The patient underwent a smooth halothane-oxygen induction and was intubated with a 6.5 uncuffed endotracheal tube. During intubation, the heart rate increased to 130 beats/min and a transient S-T segment elevation lasting for 90 s in lead II was noted. The blood pressure and oxygen saturation remained stable during this event. The halothane was stopped and maintenance anesthesia was continued with sufentanil, oxygen, vecuronium, and midazolam. The endotracheal tube was then replaced with a "jet injection cannula" to allow the flexible bronchoscope (FB) to be passed through the vocal cords.3 Bronchoscopic laser photoresection was then started on the endobronchial lesion. Ninety minutes into the case, another transient S-T segment elevation was noted. The procedure was temporarily discontinued and the ECG changes resolved spontaneously (Fig 2 ). Similarly, there were no changes in hemodynamic or respiratory parameters.
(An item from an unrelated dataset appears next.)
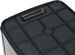 Håndtaget fungerer også som en holder til toiletpapir, og en speciel rille letter tømning af beholderen.

It was decided to continue the laser procedure. One hundred and thirty minutes into the case, a third episode of S-T segment elevation was noted as the bronchoscopist advanced the FB through the partially opened intermediate bronchus. At this point, the S-T segment elevation did not resolve. Subsequently, the patient developed ventricular tachycardia, ventricular fibrillation, and then asystole. Cardiopulmonary resuscitation was performed and involved external cardiac massage, defibrillation, aggressive fluid infusion, atropine, and intravenous lidocaine. After 12 minutes, the patient regained a sinus rhythm and a normal blood pressure. The procedure was discontinued and the patient regained consciousness with no neurologic sequelae.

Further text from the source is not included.